**Exercise requirements:**
Skip any image you find and restate the rest of the data word for word.

**Source material:**
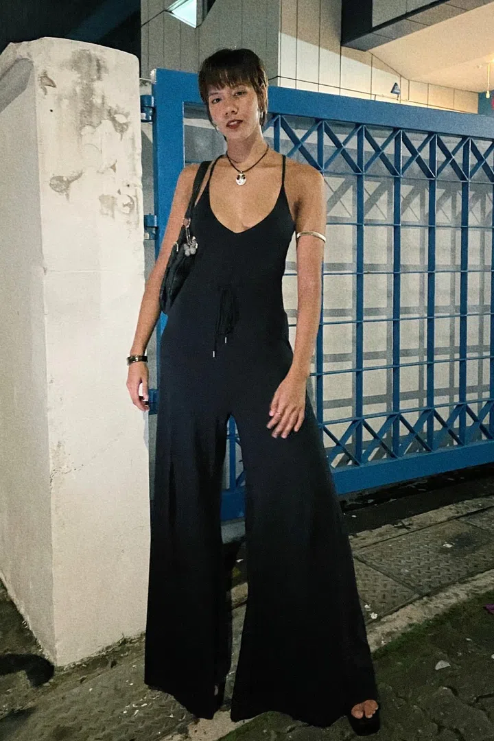 What she is wearing: Thrifted Diesel jumpsuit; thrifted shoulder bag and jewellery; and Mango shoes
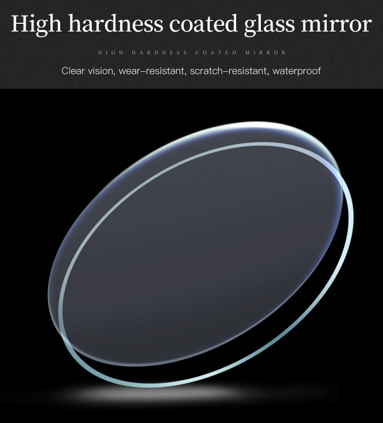 The coated glass mirror offers a clear and scratch-resistant view of the time.
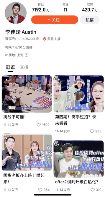 《中国企业家》曾经报道,2020年的时候,抖音给李佳琦和美ONE开出了“保底业绩规模150%于淘宝,抖音粉丝数量2倍于阿里平台”的offer。淘宝是用“李佳琦拥有固定专属直播间的一级入口,并保证一、二级入口的流量”,才保住了自己的直播头牌。
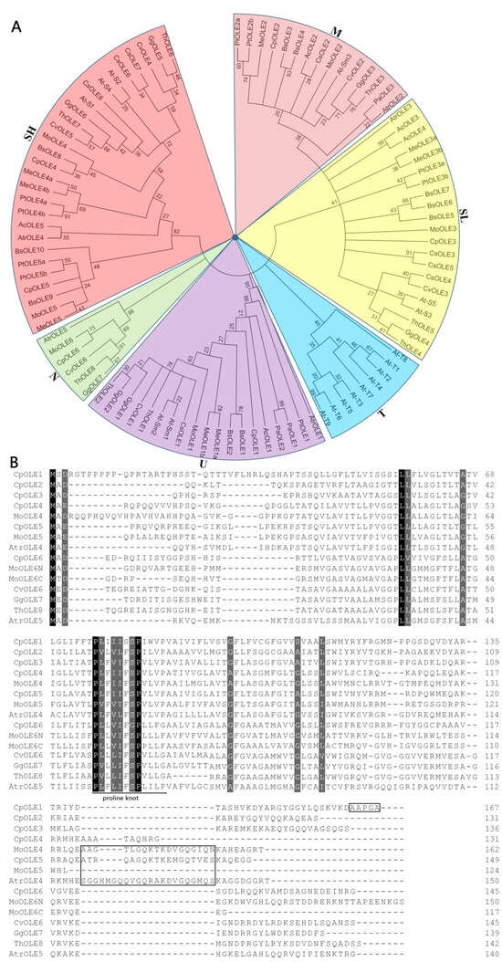 Oleosins are a class of highly abundant structural proteins of lipid droplets (LDs), which represent a major carbon reserve and are widely present in various plant organs such as seeds, pollen, flowers, fruits, and certain tubers [1,2,3,4,5]. Oleosins are typical for their small molecular weight (MW) of 14–30 kDa [5,6,7,8,9,10,11,12,13]. Nevertheless, all of them share a conserved central hydrophobic portion of approximately 72 residues, which could form a hairpin penetrating the surface phospholipid monolayer of an LD into the matrix. The hydrophobic hairpin is composed of two arms (each of about 30 residues) connected by a 12-residue loop with the pattern of PX5SPX3P, where X represents a nonpolar residue. By contrast, N- and C-terminal peptides, which lie on the phospholipid surface and may act as a receptor for metabolic enzymes or regulatory proteins, are amphipathic and usually variable [8,14]. Genome-wide surveys reveal that oleosin genes have already appeared in the single-celled algae, e.g., Chlamydomonas reinhardtii, and have diverged into at least six clades known as P (primitive), U (universal), SL (seed low), SH (seed high), T (tapetum), and M (mesocarp) during later evolution [4,8,15]. The most primitive Clade P was only found in green algae, mosses, and ferns, whereas Clade U, which is typical for the C-terminal AAPGA, is universally present in all land plants including Selaginella moellendorffii. Clade SL, which is present in seeds of both gymnosperms and angiosperms, was named after the low MW. This clade was proposed to first evolve from Clade U and later gave rise to Clades SH, M, and T. Clade SH, which is usually present in seeds of angiosperms, is typical for the high MW and C-terminal insertion relative to Clade SL. By contrast, Clades M and T were reported to be lineage-specific, which are confined to Lauraceae and Brassicaceae, respectively [4,8]. Comparative genomics analyses indicated that, for most clades, gene expansion was mainly contributed by whole-genome duplications (WGDs) especially those lineage-specific recent WGDs, e.g., the Brassicaceae-specific α WGD and the ρ WGD shared by cassava (Manihot esculenta) and rubber tree (Hevea brasiliensis) in Euphorbiaceae [5,6,12], in stark contrast to a key role of tandem duplication for Clade T in Brassicaceae [3,8,16].

**Exercise response:**
 What she is wearing: Thrifted Diesel jumpsuit; thrifted shoulder bag and jewellery; and Mango shoes
 The coated glass mirror offers a clear and scratch-resistant view of the time.
 《中国企业家》曾经报道,2020年的时候,抖音给李佳琦和美ONE开出了“保底业绩规模150%于淘宝,抖音粉丝数量2倍于阿里平台”的offer。淘宝是用“李佳琦拥有固定专属直播间的一级入口,并保证一、二级入口的流量”,才保住了自己的直播头牌。
 Oleosins are a class of highly abundant structural proteins of lipid droplets (LDs), which represent a major carbon reserve and are widely present in various plant organs such as seeds, pollen, flowers, fruits, and certain tubers [1,2,3,4,5]. Oleosins are typical for their small molecular weight (MW) of 14–30 kDa [5,6,7,8,9,10,11,12,13]. Nevertheless, all of them share a conserved central hydrophobic portion of approximately 72 residues, which could form a hairpin penetrating the surface phospholipid monolayer of an LD into the matrix. The hydrophobic hairpin is composed of two arms (each of about 30 residues) connected by a 12-residue loop with the pattern of PX5SPX3P, where X represents a nonpolar residue. By contrast, N- and C-terminal peptides, which lie on the phospholipid surface and may act as a receptor for metabolic enzymes or regulatory proteins, are amphipathic and usually variable [8,14]. Genome-wide surveys reveal that oleosin genes have already appeared in the single-celled algae, e.g., Chlamydomonas reinhardtii, and have diverged into at least six clades known as P (primitive), U (universal), SL (seed low), SH (seed high), T (tapetum), and M (mesocarp) during later evolution [4,8,15]. The most primitive Clade P was only found in green algae, mosses, and ferns, whereas Clade U, which is typical for the C-terminal AAPGA, is universally present in all land plants including Selaginella moellendorffii. Clade SL, which is present in seeds of both gymnosperms and angiosperms, was named after the low MW. This clade was proposed to first evolve from Clade U and later gave rise to Clades SH, M, and T. Clade SH, which is usually present in seeds of angiosperms, is typical for the high MW and C-terminal insertion relative to Clade SL. By contrast, Clades M and T were reported to be lineage-specific, which are confined to Lauraceae and Brassicaceae, respectively [4,8]. Comparative genomics analyses indicated that, for most clades, gene expansion was mainly contributed by whole-genome duplications (WGDs) especially those lineage-specific recent WGDs, e.g., the Brassicaceae-specific α WGD and the ρ WGD shared by cassava (Manihot esculenta) and rubber tree (Hevea brasiliensis) in Euphorbiaceae [5,6,12], in stark contrast to a key role of tandem duplication for Clade T in Brassicaceae [3,8,16].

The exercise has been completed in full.